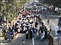 مقررین نے ان کارٹونوں کی اشاعت کا بدلہ لینے کی بات کی۔ جماعت الدعوۃ کے امیر حافظ محمد سعید نے کہا کہ انہوں نے یہ خاکے خود دیکھے ہیں۔ انہوں نے حاضرین کو ان کارٹونوں کی تفصیل بتائی جس سے حاضرین کے غصے میں اضافہ ہوا اور نعرے بازی ہوئی۔ حافظ محمد سعید نے ان کارٹونوں کو مذہبی دہشت گردی قرار دیا ان بقول اس صلیبی دہشت گردی کا آغاز ڈنمارک، ناروے، سوئٹزر لینڈ اور فرانس سے ہوا یعنی ان کے بقول یورپ نے مسلمانوں کے خلاف ایک نیا محاذ کھڑا کیا ہے۔ انہوں نے امت مسلمہ سے متحد ہونے کی اپیل کی اور کہا کہ ’مسلمانوں کو جہاد سے روکنے اور ڈرانے کے لیے نفرت کا ماحول پیدا کیا جارہا ہے لیکن ان کے بقول اس سے جہاد کا راستے کھلا ہے‘۔ انہوں نے پاکستان کی تمام مذہبی اور سیاسی جماعتوں سے اپیل کی کہ وہ کارٹونوں کے معاملےمیں متحد ہوجائیں اور شہر شہر اس کے خلاف احتجاج کریں۔ لاہور کے علاوہ ملک کے مختلف حصوں میں یوم یک جہتی کشمیر کے سلسلے میں جلسے سیمنار اور دیگر تقریبات ہوئیں جن میں کشمیریوں سے اظہار یک جہتی کیا گیا۔ | اسی بارے میں بیروت: ڈنمارک کاسفارتخانہ نذرآتش05 February, 2006 | آس پاس ’شام کی حکومت نے کوتاہی برتی ہے‘05 February, 2006 | آس پاس رابرٹ فسک اور کارٹون کا تنازع 05 February, 2006 | قلم اور کالم تنازعہ شدید تر، سفارتخانے نذر آتش04 February, 2006 | آس پاس کارٹون تنازعہ: اردن کے مدیر گرفتار04 February, 2006 | آس پاس اپنے مسائل خود مل بیٹھ کر حل کیجئے04 February, 2006 | قلم اور کالم کیا معاملہ واقعی آزادیِ اظہار کا ہے؟04 February, 2006 | قلم اور کالم کارٹونوں کے معاملے پر تحمل کی اپیل04 February, 2006 | صفحۂ اول | ||||||||||||||||||||||||||||||||||||||||
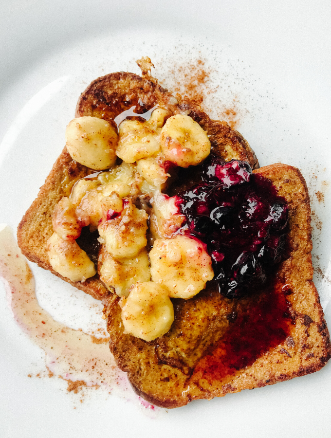 - Serve the French Toast warm with caramelized bananas, berry jam, and a light drizzle of maple syrup!
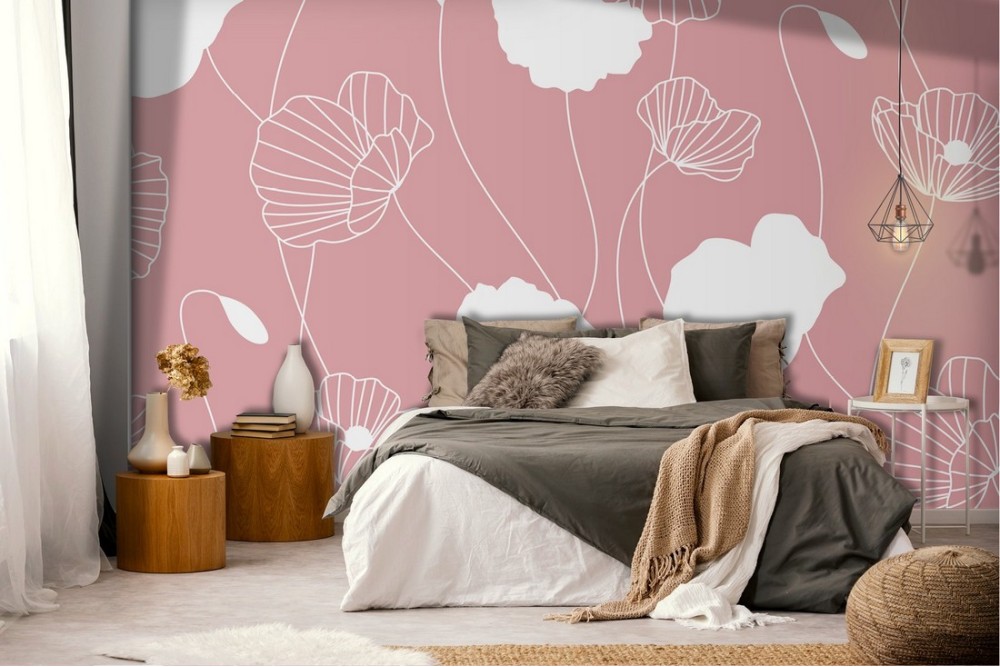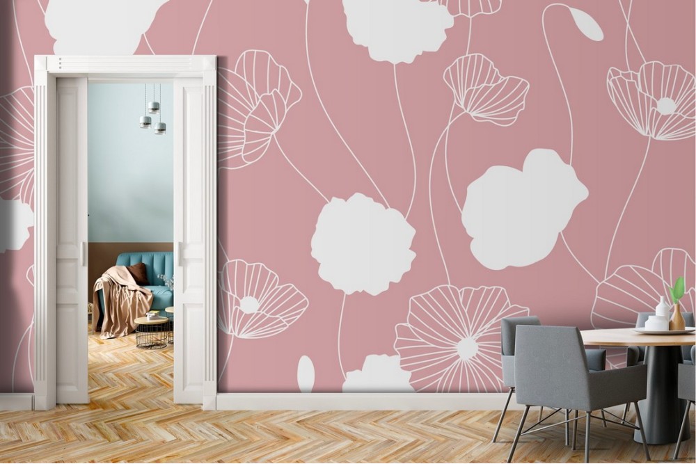 Carta da Parati fiori stilizzati rosa natura design moderno

:: Task description ::
Give back the whole listing exactly as written. Do not include any picture.

:: Exercise result ::
 مقررین نے ان کارٹونوں کی اشاعت کا بدلہ لینے کی بات کی۔ جماعت الدعوۃ کے امیر حافظ محمد سعید نے کہا کہ انہوں نے یہ خاکے خود دیکھے ہیں۔ انہوں نے حاضرین کو ان کارٹونوں کی تفصیل بتائی جس سے حاضرین کے غصے میں اضافہ ہوا اور نعرے بازی ہوئی۔ حافظ محمد سعید نے ان کارٹونوں کو مذہبی دہشت گردی قرار دیا ان بقول اس صلیبی دہشت گردی کا آغاز ڈنمارک، ناروے، سوئٹزر لینڈ اور فرانس سے ہوا یعنی ان کے بقول یورپ نے مسلمانوں کے خلاف ایک نیا محاذ کھڑا کیا ہے۔ انہوں نے امت مسلمہ سے متحد ہونے کی اپیل کی اور کہا کہ ’مسلمانوں کو جہاد سے روکنے اور ڈرانے کے لیے نفرت کا ماحول پیدا کیا جارہا ہے لیکن ان کے بقول اس سے جہاد کا راستے کھلا ہے‘۔ انہوں نے پاکستان کی تمام مذہبی اور سیاسی جماعتوں سے اپیل کی کہ وہ کارٹونوں کے معاملےمیں متحد ہوجائیں اور شہر شہر اس کے خلاف احتجاج کریں۔ لاہور کے علاوہ ملک کے مختلف حصوں میں یوم یک جہتی کشمیر کے سلسلے میں جلسے سیمنار اور دیگر تقریبات ہوئیں جن میں کشمیریوں سے اظہار یک جہتی کیا گیا۔ | اسی بارے میں بیروت: ڈنمارک کاسفارتخانہ نذرآتش05 February, 2006 | آس پاس ’شام کی حکومت نے کوتاہی برتی ہے‘05 February, 2006 | آس پاس رابرٹ فسک اور کارٹون کا تنازع 05 February, 2006 | قلم اور کالم تنازعہ شدید تر، سفارتخانے نذر آتش04 February, 2006 | آس پاس کارٹون تنازعہ: اردن کے مدیر گرفتار04 February, 2006 | آس پاس اپنے مسائل خود مل بیٹھ کر حل کیجئے04 February, 2006 | قلم اور کالم کیا معاملہ واقعی آزادیِ اظہار کا ہے؟04 February, 2006 | قلم اور کالم کارٹونوں کے معاملے پر تحمل کی اپیل04 February, 2006 | صفحۂ اول | ||||||||||||||||||||||||||||||||||||||||
 - Serve the French Toast warm with caramelized bananas, berry jam, and a light drizzle of maple syrup!
 Carta da Parati fiori stilizzati rosa natura design moderno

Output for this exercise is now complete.